== DATA EXCERPT ==
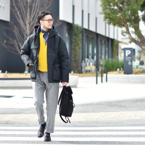 最後はスカーフを巻いてアウターのアクティブな印象を
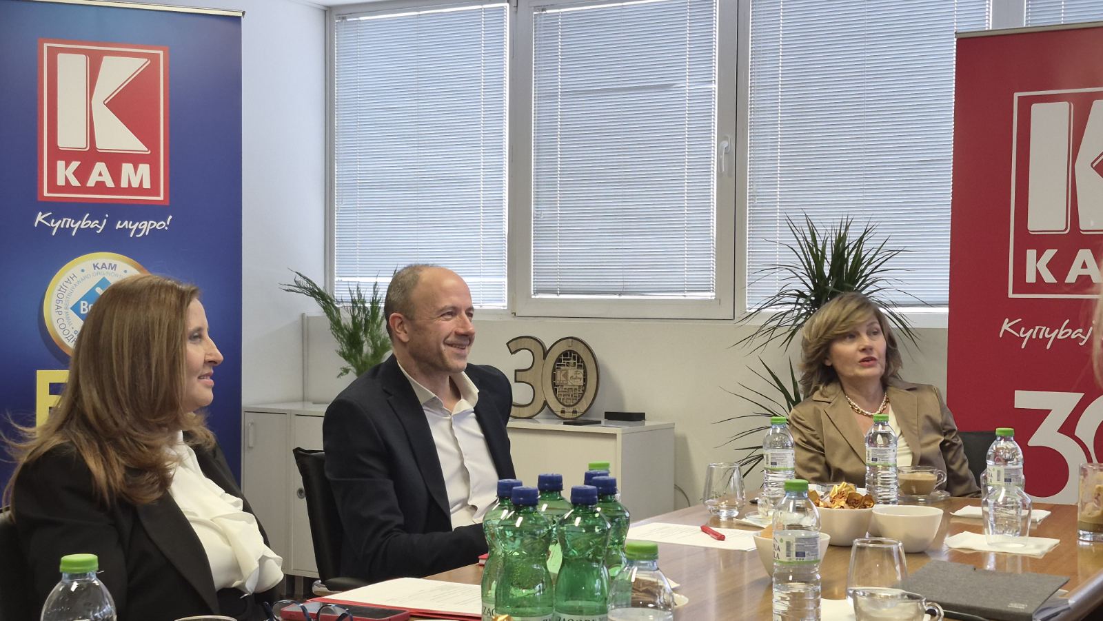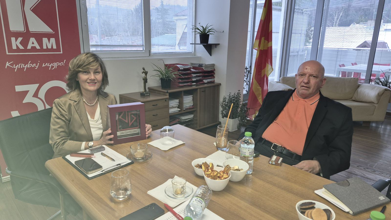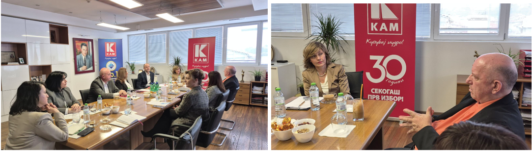 По повод три децени постоење и успешно работење, претседателот на Стопанската комора Бранко Азески оствари работна посета со менаџментот на КАМ. Предмет на разговори беа предизвиите на компанијата со кои се соочува, како една од водечките деловни субејкти во трговијата на мало, според повеќе показатели, број на вработени, инвестиции, промет, ниски маржи, освојување нови пазари надвор од државата и сл.
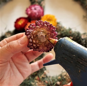 ★ リースの中心 (一番目立つところ) から つけはじめるとバランスよく仕上がります。
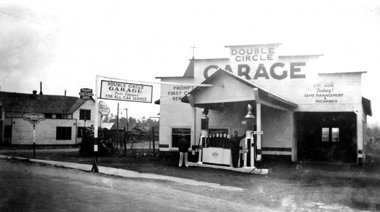Double Circle Garage serviced autos of Route 66 travelers starting in 1926. The façade, modern for its time, still displays a sign that is easy-to-read for motorists. The sign announces that this place, one of Flagstaff’s first gas stations, still repairs automobiles.

== WORK TO COMPLETE ==
Without the pictures, write out the whole listing above exactly as it appears.

== ANSWER BELOW ==
 最後はスカーフを巻いてアウターのアクティブな印象を
 По повод три децени постоење и успешно работење, претседателот на Стопанската комора Бранко Азески оствари работна посета со менаџментот на КАМ. Предмет на разговори беа предизвиите на компанијата со кои се соочува, како една од водечките деловни субејкти во трговијата на мало, според повеќе показатели, број на вработени, инвестиции, промет, ниски маржи, освојување нови пазари надвор од државата и сл.
 ★ リースの中心 (一番目立つところ) から つけはじめるとバランスよく仕上がります。
Double Circle Garage serviced autos of Route 66 travelers starting in 1926. The façade, modern for its time, still displays a sign that is easy-to-read for motorists. The sign announces that this place, one of Flagstaff’s first gas stations, still repairs automobiles.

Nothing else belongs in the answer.